Prompt를 input에 추가했을 때 input, output processing

이때까지 알게 된 input에 prompt를 추가하는 방법은 크게 두가지가 있다.

하나는 맨 처음 input에만 prompt를 추가하는 방식.

두번째는 prompt를 모든 layer마다 추가하는 방식이다.

이 방법은 The Power of Scale for Parameter-Efficient Prompt Tuning 논문에 사용되었으며, 아래 2번 논문에서 "tembedding-only ablation" 라고 칭하는 방식으로 사용되었다.

Huggingface transformer 모델의 input은 input_ids, attention_mask이다.

Input에 prompt를 넣으려면 input_ids에는 임의의 input_id들을 concat하고(어짜피 쓰지 않는다), attention_mask에는 1을 concat한다.

이 때 모델의 embedding layer인 wte를 model.set_input_embeddings(d_wte) 를 이용해 바꿔주면 된다.

새로 정의한 s_wte는 forward() 함수 내에서 input_ids[:prompt_length]는 무시하고, 새로 생성한 embedding matrix를 soft prompt로 넘겨준다.

그리고 원래 input인 input_ids[prompt_length:]는 원래의 embedding matrix를 이용해 embedding을 얻는다.

이렇게 얻은 soft prompt와 embedding을 concat해서 self-attention layer로 넘겨주면 된다.

Input에 prompt가 추가된 만큼 lebel의 앞부분에 -100을 추가해준다.

추가해주지 않으면 label의 길이는 원래 input_length와 동일하지만 output은 prompt 길이만큼 추가되어 shape이 맞지 않는다.

-100은 torch에서 CrossEntropy를 계산할 때 ignore_index로 기본 세팅되어 있어서 output의 앞부분에 나온 값들을 label과 비교하지 않고 무시할 수 있다.

두번째 방법은 Prefix-Tuning: Optimizing Continuous Prompts for Generation 이란 논문에 사용됐다.

소스 링크: https://github.com/XiangLi1999/PrefixTuning (코드가 좀 더럽다...)

모든 레이어의 activation에 prompt를 추가한다는 내용은 논문의 4.1, 7.2에 나와 있다.

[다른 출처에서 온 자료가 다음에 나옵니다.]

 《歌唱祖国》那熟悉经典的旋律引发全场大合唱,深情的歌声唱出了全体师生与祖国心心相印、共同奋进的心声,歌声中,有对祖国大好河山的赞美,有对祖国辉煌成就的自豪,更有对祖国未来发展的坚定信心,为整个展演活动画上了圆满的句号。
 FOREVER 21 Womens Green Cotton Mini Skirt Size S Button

이 방법을 구현할 때 huggingface의 transformer library에 past_key_value 변수를 넣어주면 된다.

이 때 past_key_value는 (n_layers, batch_size, n_head, seq_length, embed_dim) shape인 tensor가 2개 들어있는 tuple을 갖는다.

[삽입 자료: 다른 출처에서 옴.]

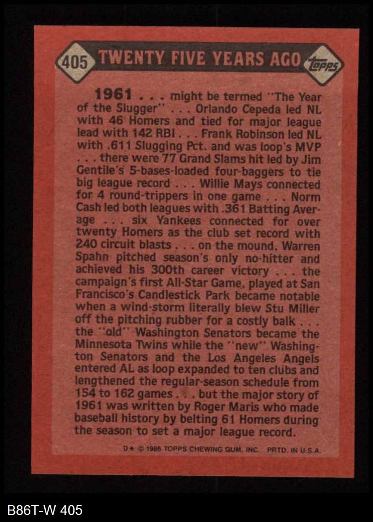 1986 Topps #405 Turn Back The Clock
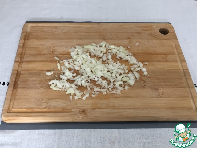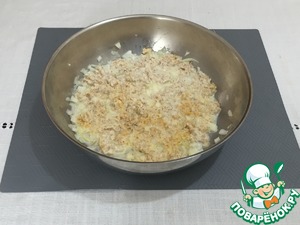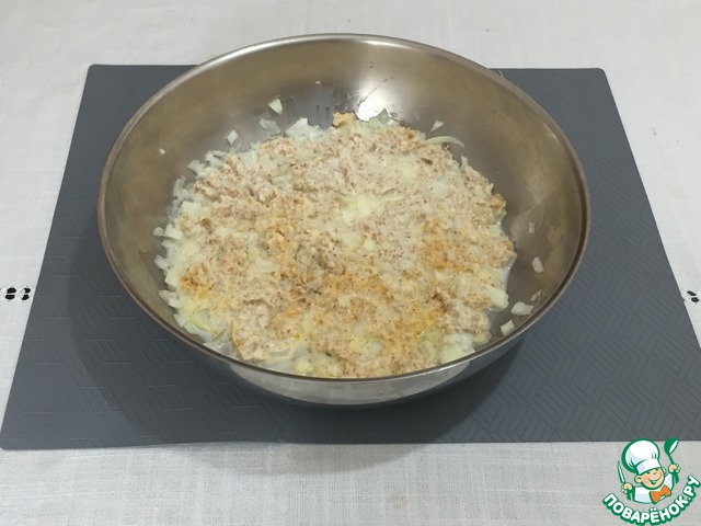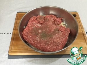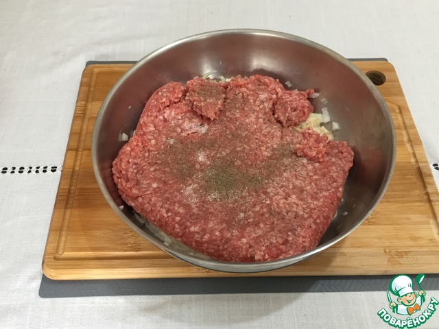 Добавляем молотый мясной фарш. Солим, перчим и хорошо перемешиваем массу.
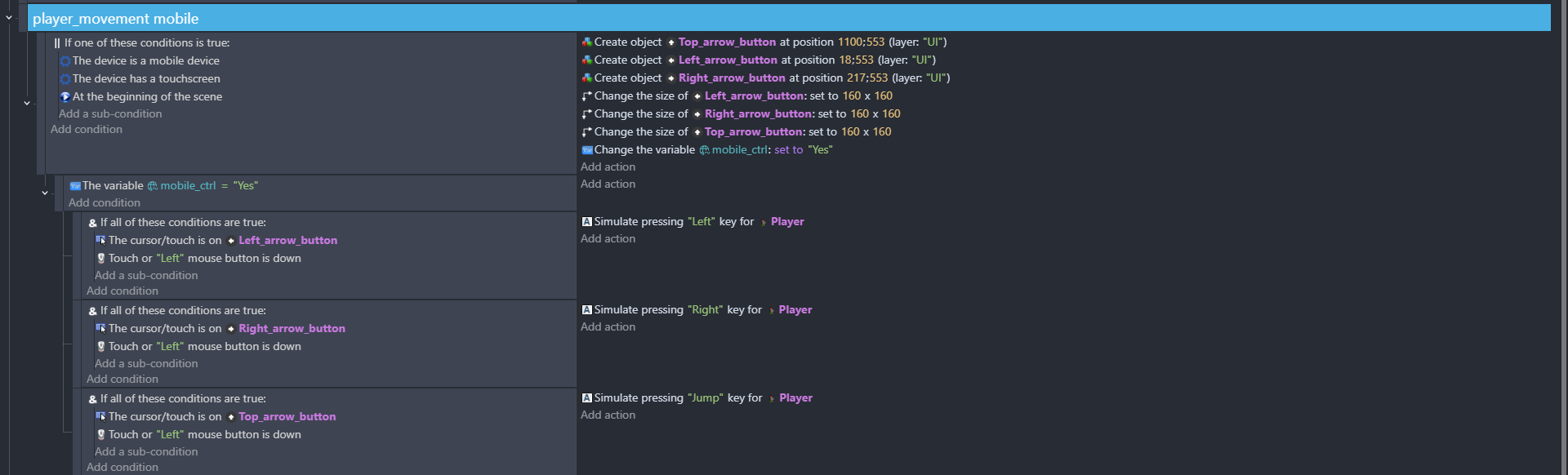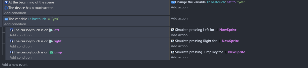 Thank you for your reply, this is my first game on GDevelop and I am still figuring out how to use the program to its fullest. I will try what you recommended, I have it set up that way-excluding the and statements-is for bug testing because I was not on a touch device when coding this.
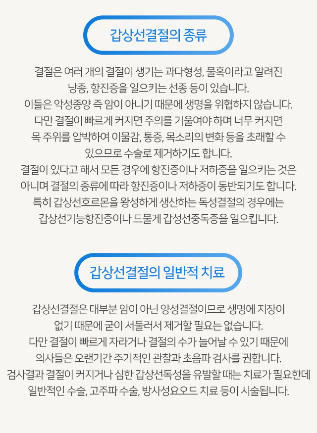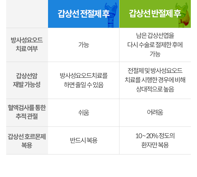 2차적 발암 위험에 갑상선 호르몬제를 평생 복용해야 하는 불편함 등이 뒤따르게 됩니다.
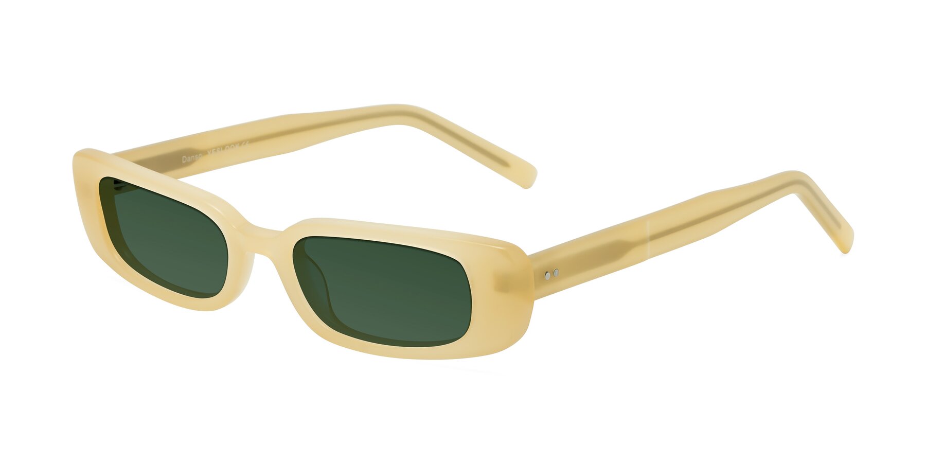 Pastel Beige Geek-Chic Acetate Rectangle Tinted Sunglasses with Green Sunwear Lenses
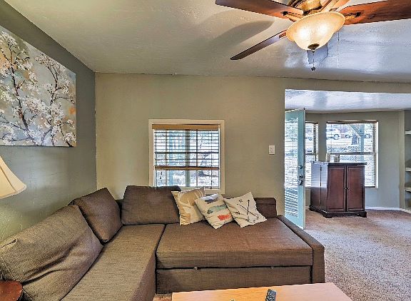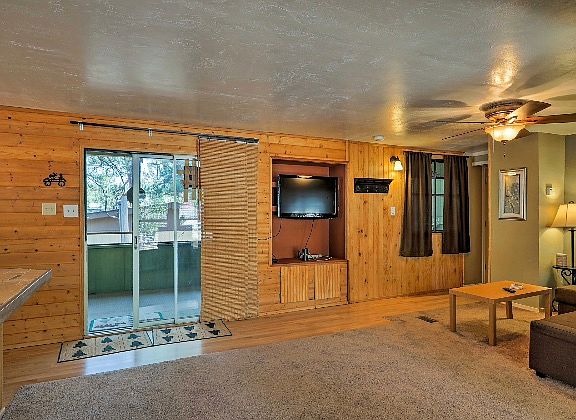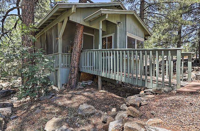 Truly unique, fully remodeled cabin awaits its new owners. This super clean turnkey vacation home sits atop Munds Canyon and has extra RV parking and plenty of mature pines. Updated Carpet and Paint. Home features tongue and groove walls and even tile and rock accents. Plenty of outdoor living space includes a fully enclosed back porch and fenced front porch area for those special nights. This home even comes with the furniture and TV so move in is a breeze. Need a vacation home with charm and class and won't break the bank? This is it.

이렇게 전달된 past_key_value는 각 layer별로 나눠져서

에서 attention을 계산할 때 input과 concat되어 계산된다.

이 때 output은 (batch_size, input_length(prompt 길이 무시), dimension) 을 갖는다.

Self-attention layer의 key, value에 추가된 prompt의 길이가 무시된 이유는 attention을 계산할 때 Query는 prefix가 붙지 않은 형태로 넘겨져서 output의 shape이 맞춰지기 때문이다.

A = Q * K^t -> (input_len , prompt_len + input_len)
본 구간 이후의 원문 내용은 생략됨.